The two books under review here represent two distinct approaches to urban history. In the first, Dr. Chalklin achieves the notable feat of compressing two hundred years of urban history into less than eighty pages of text. Those two centuries, of course, were in many ways the key period of English urban history. As the author concludes, while "towns were just islands in a rural sea in the seventeenth century, in 1851 more than 50 per cent of the people lived in them" (p. 76). Deploying a familiar typology of towns--London, provincial centers, and market towns--the author begins by outlining the development, expansion, and restructuring of urban England. He goes on to discuss "some general aspects of urban life" such as urban demography, living standards, and residential segregation. Particularly welcome, and reflecting one of Chalklin's particular areas of expertise, is a wide-ranging chapter devoted to the construction of towns: their physical fabric, how building was undertaken, and who paid for it. His next two chapters survey the social and economic lives and cultural activities of the "elite and the middle orders" in urban England (pp. 47-65). The middling "orders or classes," in particular, get more attention than the "lower orders"; wage earners get relatively short shrift here (pp. 66-75). This useful survey is rounded off with a number of informative appendices and a "select" bibliography that lists over two hundred items.

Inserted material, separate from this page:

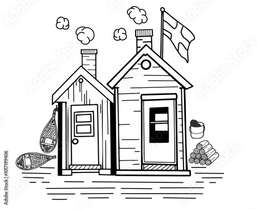 Fototapeta premium Cabin house/ station house with flag, firewood, and snow shoe

It is naturally possible to quibble at the occasional statement. Was it really the case, for example, that "a sizeable proportion of the lower orders stole at some time" (p. 70)? And surely the work of Shammas might cause one to doubt whether sugar was really a luxury in the early nineteenth century? Although there are then, unavoidably, some debatable statements here and there, Chalklin has produced a judicious and succinct picture of the current state of research which will be welcomed by lecturer and student alike.
Chalkin's survey is predicated on the notion of the town as an entity, as a construct with its own identity and sets of relationships. In his descriptive sections, therefore, towns are individuals. "Most important in the dominance of London was its control of inland trade" (p. 1); Manchester "increasingly controlled linen-manufacturing in south-east Lancashire" (p. 7); "ties between London and provincial towns grew as inland trade and travel expanded" (p. 16). Inevitably, where such shorthand is employed, one can lose sight of the hundreds of thousands of life histories whose combined product determined both a town's economic and social profile and the course of its history.

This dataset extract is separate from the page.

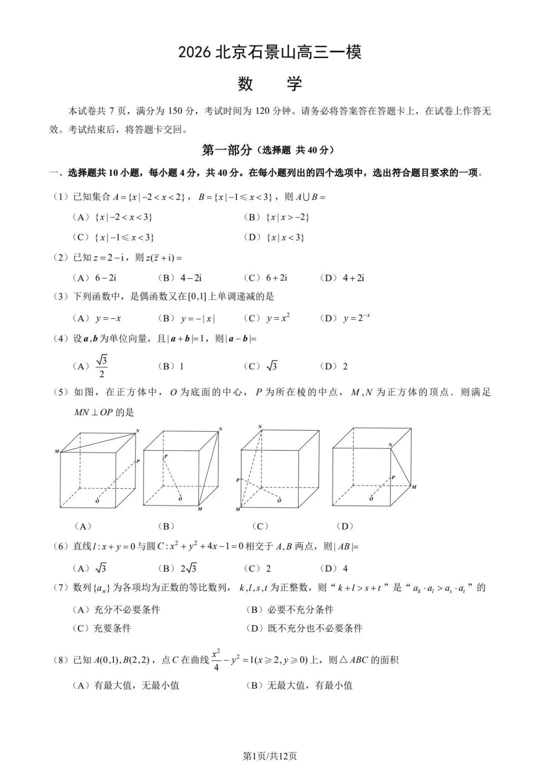 2026年北京石景山区高三一模统一练习试卷及答案汇总【石景山一模】

Towns, of course, and particularly before 1800, were themselves constructs, dependent on their rural hinterlands for migrants to sustain their populations. It is easy to forget the implications of the fact that the majority of urban inhabitants were raised in the countryside. It was there that they learnt to read and write. It was existing ties between parents and their friends and relatives in towns that determined the decision of many men and women to sample town life.
Unsurprisingly, in the early modern period, many townsmen retained strong ties to their rural origins. This is reflected in bequests to their native parishes on their deathbeds, and in the substantial number (how many we do not know) who abandoned town life to pursue fresh careers, to retire, or to deploy skills learnt in towns--typically as apprentices--elsewhere in provincial England. Given the fact that the majority of townsmen were not native, is it not surprising that periods of migration and growth should produce an increasing anxiety to inculcate the values and prestige of citizenship and civic identity. Before the nineteenth-century, relatively few townsmen were born citizens, most were made.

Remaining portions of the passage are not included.